Question

\(f(x) = \) \(\frac{x^2+2x−15}{x^2−7x−18}\) is negative if and only if

• A. \(-5 < x < -2\) or \( 3 < x < 9\)
• B. \(-2 < x < 3\) or \(x > 9\)
• C. \(x < -5\) or \(3 < x < 9\)
• D. \(x < -5 \) or \(-2 < x < 3\)

Answer 1

The Correct Option is A

We are tasked with finding when \( f(x) \) is negative. To do so, we need to determine the sign of \( f(x) \) in different intervals defined by its zeros. Let's first find the zeros of the numerator and denominator:

Step 1: Finding the zeros of the numerator

The numerator is \( x^2 + 2x - 15 \), which factors as: \[ (x + 5)(x - 3) = 0 \] This gives zeros at: \[ x = -5 \quad \text{and} \quad x = 3 \]

Step 2: Finding the zeros of the denominator

The denominator is \( x^2 - 7x - 18 \), which factors as: \[ (x + 2)(x - 9) = 0 \] This gives zeros at: \[ x = -2 \quad \text{and} \quad x = 9 \]

Step 3: Defining intervals

Using these zeros, we define the following intervals: \[ (-\infty, -5), (-5, -2), (-2, 3), (3, 9), (9, \infty) \]
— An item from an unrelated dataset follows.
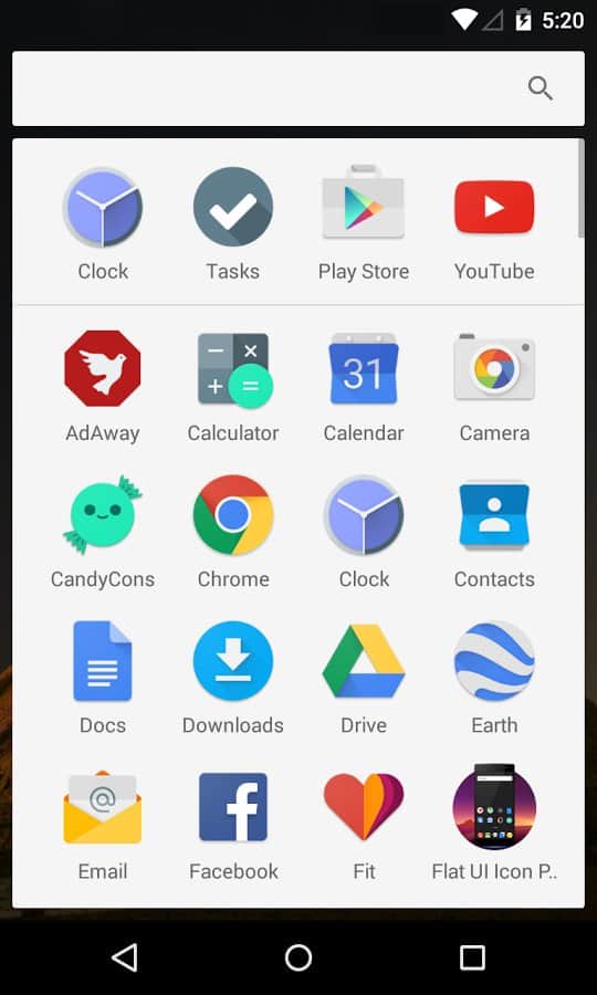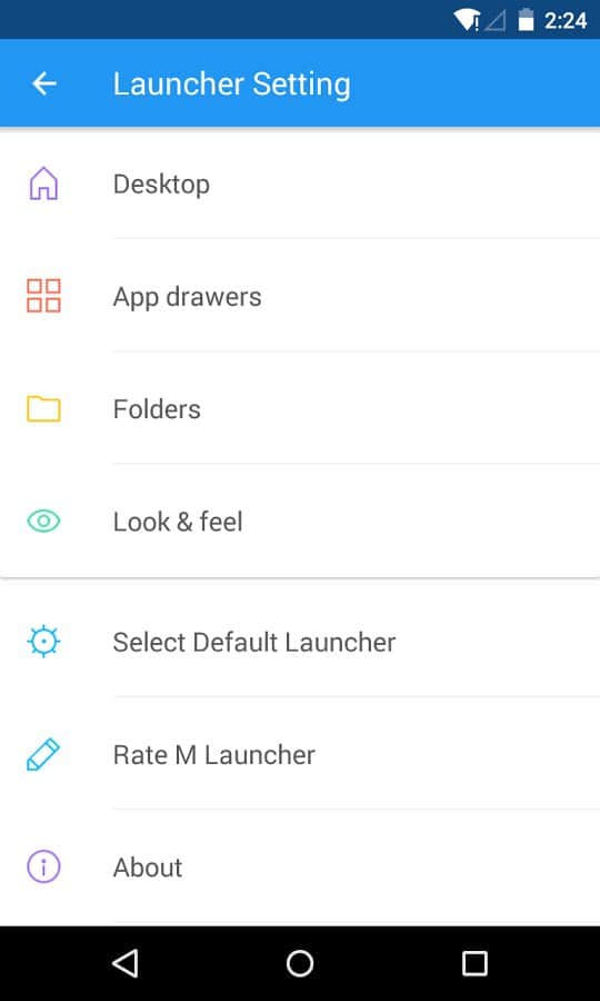 M Launcher Pro-M Marshmallow - Este lanzador fue creado para aquellos que no tienen las actualizaciones de Android 6.0, pero aún les gustaría ver cómo se ve. Así que los artesanos tomaron esta actualización y la incorporaron al lanzador, con soporte para versiones anteriores de Android. En general, lo que puedo decir sobre esta aplicación es que es muy simple, como se pretende, es solo una copia exacta de la nueva versión de Android. Aquí encontrarás todas las funciones y configuraciones estándar para tu dispositivo, desde cambios en el escritorio, hasta el balance de íconos y la edición de categorías,

Step 4: Testing the sign of \( f(x) \) in each interval

Now, we will test the sign of \( f(x) \) in each of these intervals by picking a test point from each:

• Test \( x = -6 \) in \( (-\infty, -5) \): \[ f(-6) = \frac{(-)}{(-)} = \text{positive} \]
• Test \( x = -3 \) in \( (-5, -2) \): \[ f(-3) = \frac{(+)}{(-)} = \text{negative} \]
• Test \( x = 0 \) in \( (-2, 3) \): \[ f(0) = \frac{(-)}{(-)} = \text{positive} \]
• Test \( x = 6 \) in \( (3, 9) \): \[ f(6) = \frac{(+)}{(-)} = \text{negative} \]
• Test \( x = 10 \) in \( (9, \infty) \): \[ f(10) = \frac{(+)}{(+)} = \text{positive} \]

Step 5: Conclusion

From the above evaluations, \( f(x) \) is negative in the intervals: \[ (-5, -2) \quad \text{and} \quad (3, 9) \]

Final Answer:

The correct option is \( \boxed{(-5 < x < -2 \text{ or } 3 < x < 9)} \).

Answer 2

We are given the rational function: 

\[ f(x) = \frac{x^2 + 2x - 15}{x^2 - 7x - 18} < 0 \] Which can be factored as: \[ \frac{(x + 5)(x - 3)}{(x - 9)(x + 2)} < 0 \]

Step 1: Identifying critical points

The critical points are the zeros of the numerator and denominator: \[ x = -5, \, -2, \, 3, \, 9 \]

Step 2: Testing the sign in different intervals

We now analyze the sign of the expression in the intervals defined by these critical points: \( (-\infty, -5), (-5, -2), (-2, 3), (3, 9), (9, \infty) \). - **For \( x < -5 \)**: All four terms \((x + 5), (x - 3), (x - 9), (x + 2)\) will be negative, resulting in a positive overall expression. - **For \( x > 9 \)**: All four terms will be positive, leading to a positive overall expression. - **For \( -2 < x < 3 \)**: Two terms are negative and two are positive, resulting in a positive overall expression. - **For \( -5 < x < -2 \) and \( 3 < x < 9 \)**: The expression will be negative as two terms are positive and two are negative.

Step 3: Conclusion

From the analysis above, the expression \( f(x) \) is negative in the intervals: \[ (-5 < x < -2) \quad \text{or} \quad (3 < x < 9) \]

Final Answer:

The correct option is \( \boxed{(-5 < x < -2 \text{ or } 3 < x < 9)} \).